Eating disorder charity reports 50% more calls in Michael Mosley show

Eating disorder charity reports 50% increase in calls to its helpline during dieting show ‘Lose a Stone in 21 Days’ featuring Dr Michael Mosley on Channel 4

  • Beat had to extend its helpline hours for the airing of  Lose a Stone in 21 Days 
  • The show, with Michael Mosley, requires contestants to eat 800 calories daily
  • Beat previously wrote to Channel 4 asking them to be careful with the issue 

An eating disorder charity extended its helpline hours during Lose a Stone in 21 Days with Michael Mosley on Channel 4 and was swamped with calls. 

While the programme was airing there was a 50 per cent increase in people contacting Beat. 

Presenter Dr Mosley says the program, that restricts participants to 800 calories a day,  is to ‘get our health back on track’ after lockdown.  

Lose a Stone is a Channel 4 programme with Michael Mosley as the presenter helping contestants to lose weight by eating less than 800 calories a day 

The eating disorder charity, Beat, had a 50 per cent increase in contact while the show was airing. Pictured: Stock photo of a teenage girl looking in the mirror

Beat had previously written to Channel 4 asking them to be careful with what they broadcast about weight-loss. 

They had also provided guidance on how to report on weight-loss in a ‘responsible and non-triggering way’.  

The charity’s director of services Caroline Price said: ‘It is incredibly worrying to see a national programme yet again promoting extreme weight loss and crash dieting.

‘The promise inherent in the title is likely to attract people suffering from or vulnerable to eating disorders and risks encouraging those affected to attempt the methods shown despite the damage this could cause.

‘Research has shown that dietary restraint, including the restriction of calories, has been found to be a risk factor in the development of an eating disorder.

‘The programme did not appear to look after the participants’ mental health in any way, such as consultations with a psychiatrist.

‘However, it did have an alarming focus on the participants’ weight, BMI and measurements, as well as encouraging them to carry out activities that we know those affected by eating disorders may engage in, such as destroying food to avoid eating it or fixating on eating a restricted number of calories.’ 

‘It is very disappointing that once again, their needs have been ignored by broadcasters.’

Four years ago Dr Michael Mosley used the 5:2 diet to lose 20lbs (9kgs) and reverse his diabetes. 

Pictured: Dr Michael Mosley

He now promotes the diet where you eat normally for five days and then cut your calories to about 600 for the other two days.  

 More recently Mr Mosley and other nutritionists have created the Fast 800 diet which helps people to lose weight quickly. 

The diet includes fasting which helps people to maintain keeping the excess weight off. 

Source: The Fast800   

The show focuses on the increased threat coronavirus poses to people with overweight or obese BMIs. 

Obese people are 37 per cent more likely to die from coronavirus, a study from  Liverpool University and Imperial College London found. 

Participants in the show use Dr Mosley’s Fast 800 diet, which aims for people to eat fewer than 800 calories a day.  

The NHS’s recommended daily intake is 2,500 for men and 2,000 for women.

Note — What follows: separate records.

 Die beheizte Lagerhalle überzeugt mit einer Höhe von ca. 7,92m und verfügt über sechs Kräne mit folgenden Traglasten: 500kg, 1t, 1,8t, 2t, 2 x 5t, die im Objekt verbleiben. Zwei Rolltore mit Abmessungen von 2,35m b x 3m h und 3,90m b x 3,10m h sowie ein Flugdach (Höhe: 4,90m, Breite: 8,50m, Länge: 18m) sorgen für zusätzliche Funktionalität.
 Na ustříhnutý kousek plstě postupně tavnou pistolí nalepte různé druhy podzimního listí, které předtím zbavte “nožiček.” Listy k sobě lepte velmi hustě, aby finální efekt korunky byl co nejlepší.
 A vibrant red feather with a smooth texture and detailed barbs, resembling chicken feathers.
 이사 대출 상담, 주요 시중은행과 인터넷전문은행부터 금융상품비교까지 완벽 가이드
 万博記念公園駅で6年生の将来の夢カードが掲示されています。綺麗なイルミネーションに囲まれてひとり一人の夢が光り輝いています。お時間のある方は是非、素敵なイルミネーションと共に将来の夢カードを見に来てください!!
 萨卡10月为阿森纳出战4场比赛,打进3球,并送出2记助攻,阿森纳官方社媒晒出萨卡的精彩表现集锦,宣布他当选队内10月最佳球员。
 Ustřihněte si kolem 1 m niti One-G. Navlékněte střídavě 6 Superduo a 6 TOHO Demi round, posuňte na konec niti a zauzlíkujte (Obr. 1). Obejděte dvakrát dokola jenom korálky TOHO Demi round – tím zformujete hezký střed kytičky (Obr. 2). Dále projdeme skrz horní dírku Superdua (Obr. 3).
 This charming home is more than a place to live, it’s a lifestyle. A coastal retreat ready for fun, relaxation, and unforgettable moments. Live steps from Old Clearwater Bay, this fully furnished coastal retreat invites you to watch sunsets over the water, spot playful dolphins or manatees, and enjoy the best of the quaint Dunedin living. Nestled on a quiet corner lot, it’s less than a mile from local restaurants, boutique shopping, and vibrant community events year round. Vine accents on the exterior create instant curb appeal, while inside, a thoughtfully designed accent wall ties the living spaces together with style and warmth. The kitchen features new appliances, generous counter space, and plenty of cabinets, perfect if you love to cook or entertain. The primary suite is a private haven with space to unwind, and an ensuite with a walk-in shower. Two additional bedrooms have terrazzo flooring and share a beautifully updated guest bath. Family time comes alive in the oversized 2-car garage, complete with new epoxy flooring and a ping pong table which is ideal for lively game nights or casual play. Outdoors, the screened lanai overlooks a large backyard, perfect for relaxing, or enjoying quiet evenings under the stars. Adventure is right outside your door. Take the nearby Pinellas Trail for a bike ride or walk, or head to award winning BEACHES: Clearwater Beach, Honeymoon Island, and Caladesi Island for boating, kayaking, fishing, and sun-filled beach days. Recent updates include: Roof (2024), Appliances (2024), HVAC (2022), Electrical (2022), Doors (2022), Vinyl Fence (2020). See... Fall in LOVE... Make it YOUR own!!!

The former BBC star Dr Mosley also came up with the famous 5:2 diet, where on two days of the week dieters only eat around 500 calories.

Over half of the UK’s population, 66 per cent of men and 57 per cent of women, are overweight or obese.           

A Channel 4 spokesperson said: ‘The series examines the evidenced link between Covid-19 and the very real threat it poses to those who have a BMI in the obese or overweight categories, as highlighted by a recent study led by Liverpool University and involving Imperial College London that found obese people are around 37 per cent more likely to die if they catch Covid-19.

‘All episodes clearly state that a short-term 800-1,000 calorie diet is only suitable for people whose BMI puts them in the overweight or obese categories and that it should be done with proper medical supervision.

‘The health and welfare of each contributor is of paramount importance to both Channel 4 and the production.

‘A number of health checks were undertaken on contributors before they embarked on the regime and support is ongoing.’